The new Web 2.0-esqe (or dare i say Web 3.0-esqe) nomenclature is dominated by "double-vowels" (Wii, xumii, mobee) or "vowel-combos" (cuil) not often found in normal english. So this approach will not succeed in giving you a really innovative name. Probably you need to perturb the Markov-chain to achieve that or waste a lot of free time digging your cognitive faculty!
Yeah, but you have to remember that those names will affect the perception of similar names. The Wii, for example, being a monster hit is going to affect the way people perceive names.
don't bother with whois; query the root/gtld nameservers for a valid NS record for the domain to see if it's registered. dns is much quicker and nobody's going to shut you down for using it.
Yep. Thanks for the suggestion. After I logged in I realized that Apache was basically in an infinite loop where it kept trying to create new child processes but those where instantly being killed because of a lack of memory. After a hard reset it seems to be working now.
Funny I did a similar thing recently, specifically for domain names.

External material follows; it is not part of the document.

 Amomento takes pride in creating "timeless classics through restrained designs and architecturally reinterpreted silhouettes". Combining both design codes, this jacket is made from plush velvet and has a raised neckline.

The code to train a Markov chain (without using any libraries outside standard Python) is this:
import re, collections
from itertools import *
def words(text):
return (w.group() for w in re.finditer(r"\w+", text.lower()) if w.group().isalpha())
F=collections.defaultdict(lambda:collections.defaultdict(lambda:1))
M = 5
def add_spaces(word):
return ' ' * M + word.strip() + ' ' * M
N = 0
from operator import add
def train(words):
for word in words:
w = add_spaces(word)
for i in range(len(w)-M):
F[w[i:i+M]][w[i+M]] += 1
global N
N = reduce(add,(n for d in F.itervalues() for n in d.itervalues()))

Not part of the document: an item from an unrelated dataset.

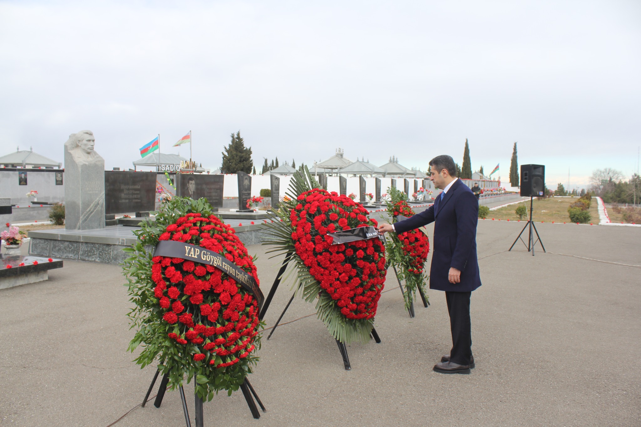 Göygöl Rayon İcra Hakimiyyətinin başçısı Elvin Paşayev, rayonun hüquq-mühafizə orqanlarının, idarə-müəssisə və təşkilat rəhbərləri, Şəhid ailələri və Qazilər, ictimaiyyət nümayəndələri 20 Yanvar faciəsinin 35-ci ildönümü ilə əlaqədar Göygöl şəhər Şəhidlər xiyabanına əklil qoyaraq, Azərbaycanın müstəqilliyi və ərazi bütövlüyü uğrunda mübarizədə canlarını qurban vermiş qəhrəman Vətən övladlarının məzarlarını ziyarət edib, ruhlarına dualar oxuyub, unudulmaz və müqəddəs xatirələrini dərin hüznlə yad ediblər.

train(words(file('big.txt').read()))
Then, I tried to measure how "good" a particular word is (experimenting with different measures):
from math import log
def goodness(word):
w = add_spaces(word)
res = 0
for i in range(len(w)-M):
res += F[w[i:i+M]][w[i+M]]
# res += log(F[w[i:i+M]][w[i+M]])
global N
return float(res) / ((len(w)-M)*N)
print 'test score:', reduce(add, (goodness(w) for w in words(file('test.txt').read())))
Then, tried to find the top N words at less than 2 edits distance:
alphabet = 'abcdefghijklmnopqrstuvwxyz'
import types
def edits1(word):
if type(word)==types.StringType:
n = len(word)
return set(chain((word[0:i]+word[i+1:] for i in range(n)), # deletion
(word[0:i]+word[i+1]+word[i]+word[i+2:] for i in range(n-1)), # transposition
(word[0:i]+c+word[i+1:] for i in range(n) for c in alphabet), # alteration
(word[0:i]+c+word[i:] for i in range(n+1) for c in alphabet))) # insertion
else: #Assume word is actualy an iterable of words
return set(reduce(chain,(edits1(e) for e in word)))
def edits2(word):
return edits1(edits1(word))
def topn(n, word):
words = [(x, goodness(x)) for x in edits2(word)]
words.sort(cmp = lambda x,y: -cmp(x[1],y[1]))
return words[:n]
I have borrowed some code from Peter Norvig's spelling checker, and the style is very much influenced by it.
Try closer to something like 800 lines in the library. It comes with demos, a test suite, etc. And I think you're skipping the base class in your naive count.
I'm not really sure how the line count of a library is relevant to anything?